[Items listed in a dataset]
>>>>

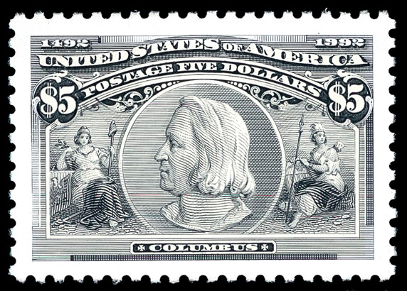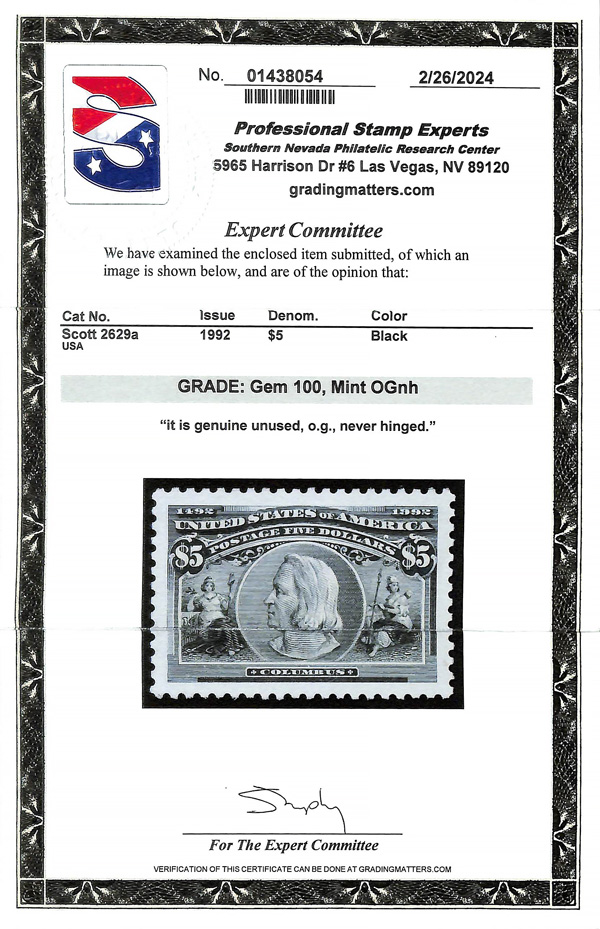 7536 nh 2629a image1992, $5 Voyages of Columbus, single from souvenir sheet (Scott 2629a), o.g., never hinged, Superb no SMQ price, with 2024 P.S.E. certificate graded GEM 100. (Image) (Image2) (All Images)
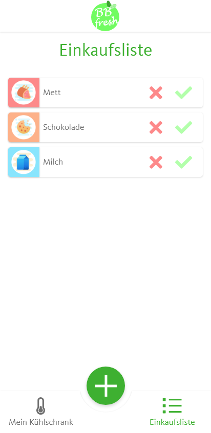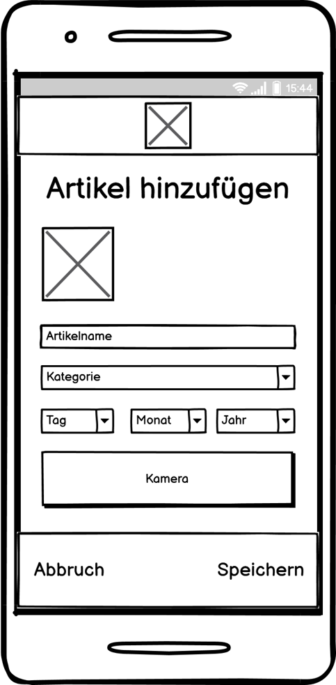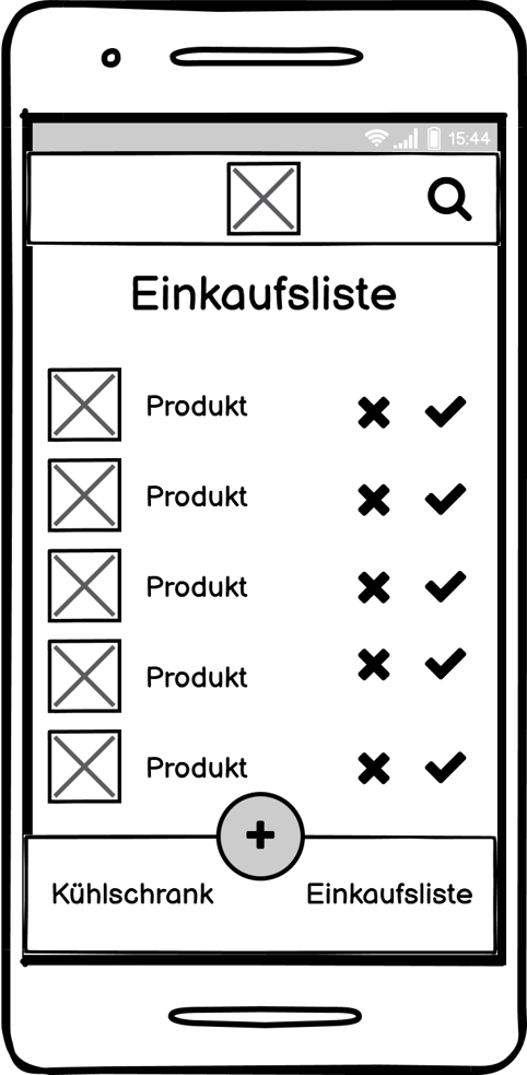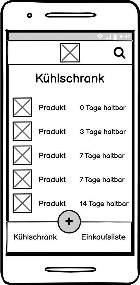 Zuvor erstellte Skizzen werden in einen Wireframe umgesetzt. Links zeigt eine Übersicht über den Kühlschrank, die Produkte und das Ablaufdatum in Tagen. Die Liste soll nach Haltbarkeit sortiert werden. Über den Plus-Button können, wie die mittlere Abbildung zeigt, neue Produkte hinzugefügt werden. Entweder gibt man die Daten manuell an und fügt ein Foto hinzu oder man scannt mit der Kamera das MHD ab. Falls ein Produkt leer wird, kann dies einfach über die Liste rechts auf den Einkaufzettel hinzugefügt und verwaltet werden.
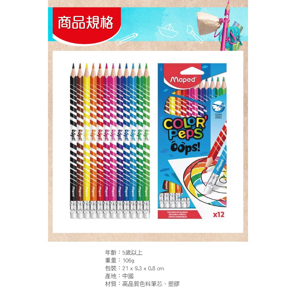 【法國Maped】可擦除彩色鉛筆12色 畫筆 繪畫工具 (LAVIDA官方直營)
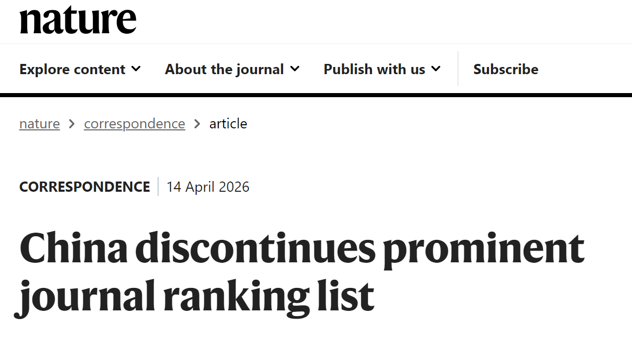 近日,针对中科院分区停止更新一事,Nature发表了相关评论,作者来自于桂林医科大学。
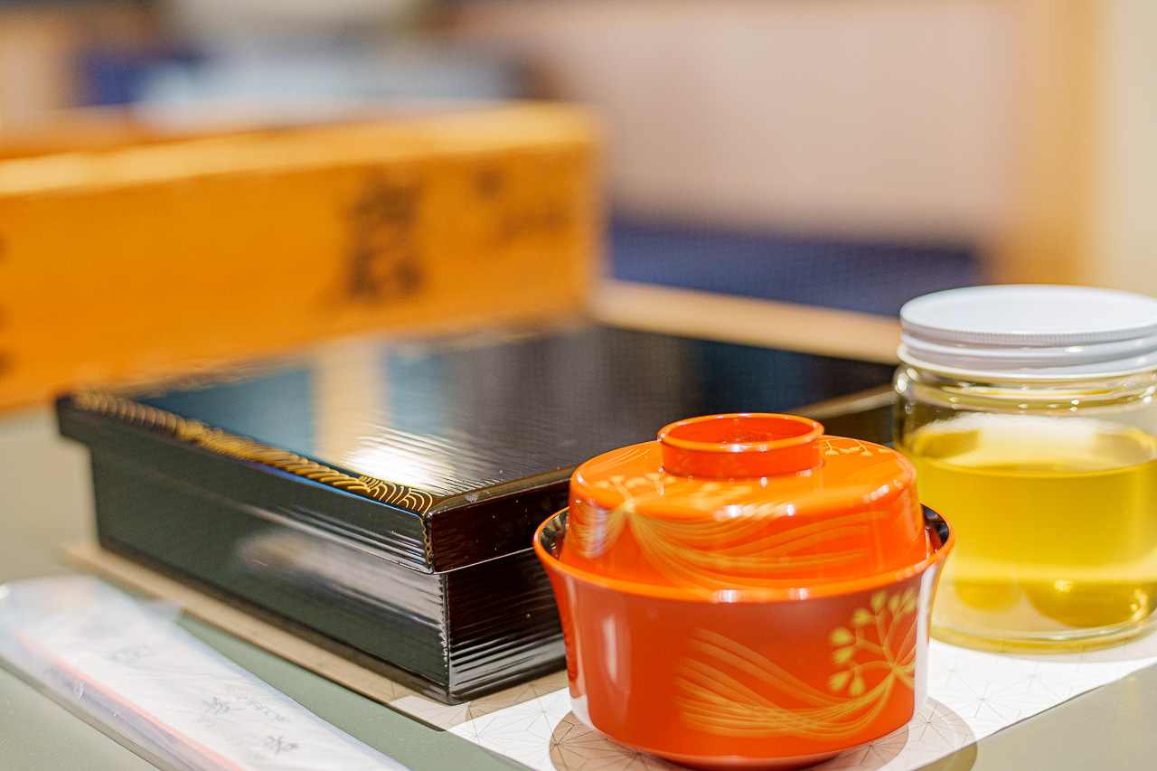 예절과 형식을 깐깐하게 따지는 기온에서는 도시락의 방향도 정해져 있어, 요 금빛 나는 줄무늬가 먹는 사람 쪽으로 향해야 합니다.

<<<<

== Problem description ==
Keep the pictures out of your answer, which should be the lines from the one with "畫筆 繪畫工具 (LAVIDA官方直營)" through the final line of the data, copied exactly.

== Written response ==
 【法國Maped】可擦除彩色鉛筆12色 畫筆 繪畫工具 (LAVIDA官方直營)
 近日,针对中科院分区停止更新一事,Nature发表了相关评论,作者来自于桂林医科大学。
 예절과 형식을 깐깐하게 따지는 기온에서는 도시락의 방향도 정해져 있어, 요 금빛 나는 줄무늬가 먹는 사람 쪽으로 향해야 합니다.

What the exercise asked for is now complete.